“Nessuno è interessato sul serio a storie di vampiri che viaggiano su astronavi intergalattiche”, sostiene John Ajvide Lindqvist, che pure, a partire appunto dal crepuscolare Lasciami entrare, suo esordio letterario e cinematografico – in veste di sceneggiatore per Tomas Alfredson (2008), ha fatto del sovrannaturale l’elemento fondante del proprio universo creativo, in una formula essenziale, però, che cala lo straordinario nel quotidiano per aumentarlo, chiarirlo attraverso un paradosso di cristalli deformanti, così che il mostruoso si configuri più umano dell’umano.
Tanta è la consonanza prospettica con il regista Ali Abbasi, dove tanto simili sono i riferimenti di partenza, tra ibridazione di generi e mescolanza di toni, con un occhio strizzato all’intrattenimento e l’altro a un’autorialità tutta europea, che in Border – Creature di confine, tratto dall’omonimo Gräns dello scrittore, è tortuoso definire i limiti entro cui si esercita l’inventiva del primo sul sostrato narrativo del secondo.
Abbasi, iraniano-svedese di base a Copenaghen, ha già all’attivo un altro lungometraggio, Shelley (2016), perfettibile ma ispirata dichiarazione di fede a una dimensione psicologica dell’orrorifico che mutua le coordinate direttamente dal Polanski di Rosemary’s Baby ricalibrandolo su una lunghezza d’onda scandinava, e più da vicino vontrieriana, del rapporto uomo/natura, ma Border, certo coerente con questa direzione nel seguire le tracce di una ferinità dell’uomo che si palesa nell’accordo, ora consolatorio ora liberatorio, con le anime della foresta, è una creatura sciolta, di per sé sussistente, assurdamente atipica, razionalmente stratificata in un’esperienza di visione che fa leva, con non poco fastidio, su pulsioni più corporee che emotive, travalica quindi la visione e contagia l’esperienza.
Eva Melander è Tina, Eero Milonoff (l’istrionico coach de La vera storia di Olli Maki) è Vore. Brutti, oggettivamente brutti, repellenti in un modo che crea imbarazzo, mette in discussione l’ordine morale.
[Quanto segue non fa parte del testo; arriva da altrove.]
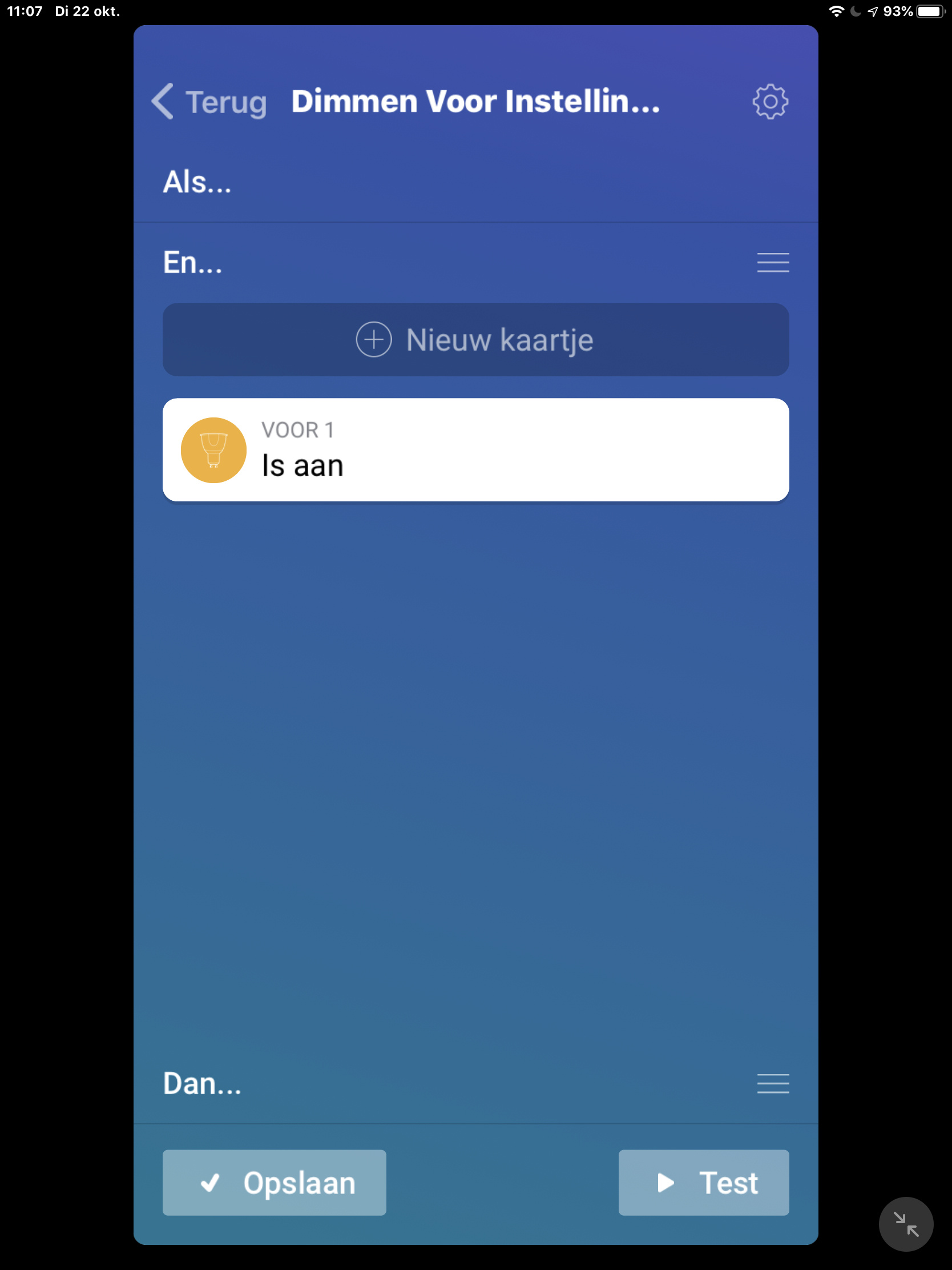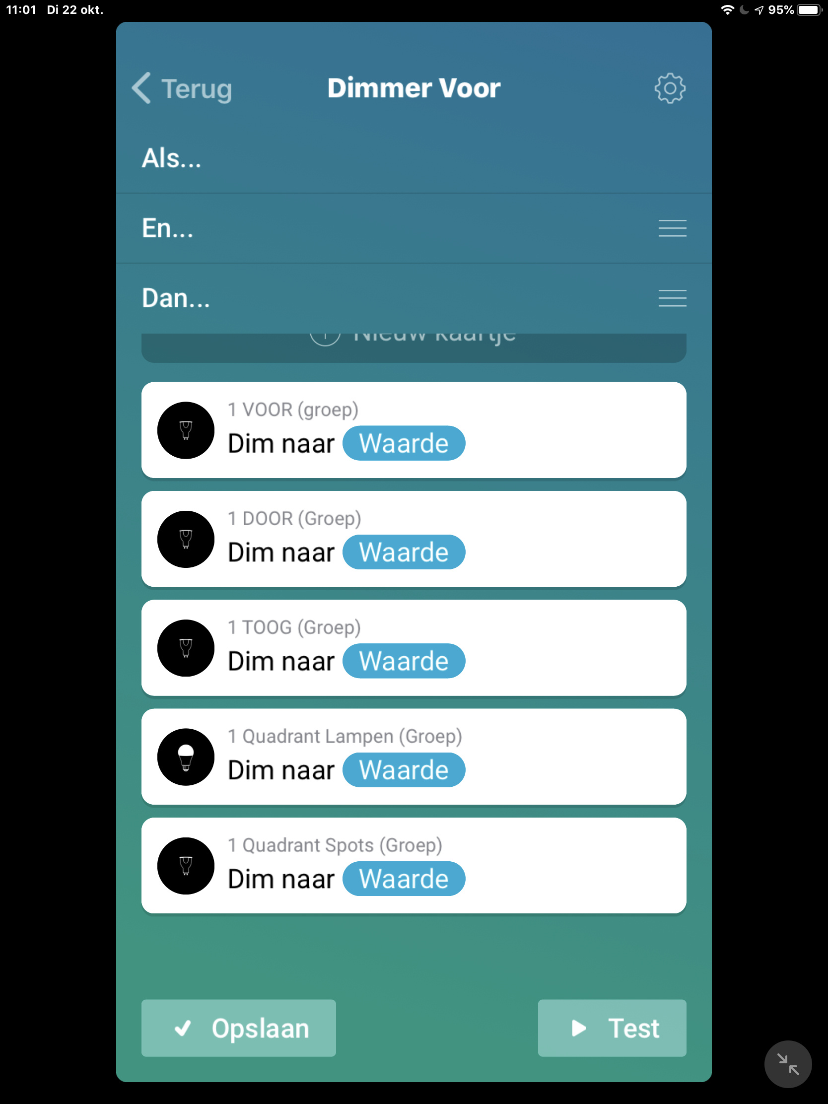 Ziet er op zich goed uit, alhoewel ik twijfel aan de hoeveelheid "Dim naar " kaartjes die je gebruikt. Dat zijn groepen, dus ik neem aan dat ook daar weer meerdere lampen achter zitten? Om hoeveel lampen gaat het in totaal?

Lei, convinta di possedere un cromosoma difettoso, sopravvive, di fatto sola, in un limbo che oscilla tra la convivenza bizzarra con un individuo interessato più che altro ad un tetto da avere sopra la testa, la demenza senile di suo padre e un lavoro in dogana che, pur sempre alienante, le permette di sentirsi per qualche frangente eccezionale, non diversa: Tina ha un olfatto prodigioso, può fiutare le emozioni, quindi le colpe, di chi le passa davanti. Vore è tra questi, di una bruttezza incredibilmente somigliante alla sua; Tina sente qualcosa che per la prima volta non riesce a comprendere, paura, attrazione, istinto incontenibile che la strapiomba oltre le convenzioni sociali, oltre le menzogne, in un cammino di scoperta e scelta identitaria che squarcia il tessuto realistico del film aprendolo a una commistione imprevista e perturbante di favolistico e grottesco, genera uno stupore indefinito tra la meraviglia e l’avversione.
Le aberrazioni del fantastico sono allora lenti di ingrandimento che inquadrano un discorso vario, attuale, non programmaticamente politico ma, perché no, politico: Border è congenialmente un film liquido che al di là di ogni facile retorica a proposito di un qualsivoglia conflitto Noi/Loro, parla di una difformità che si estrinseca tutta nel sentire, celebra, nel racconto come nella forma, la libertà di scegliere, oppure no, a quale “genere” appartenere.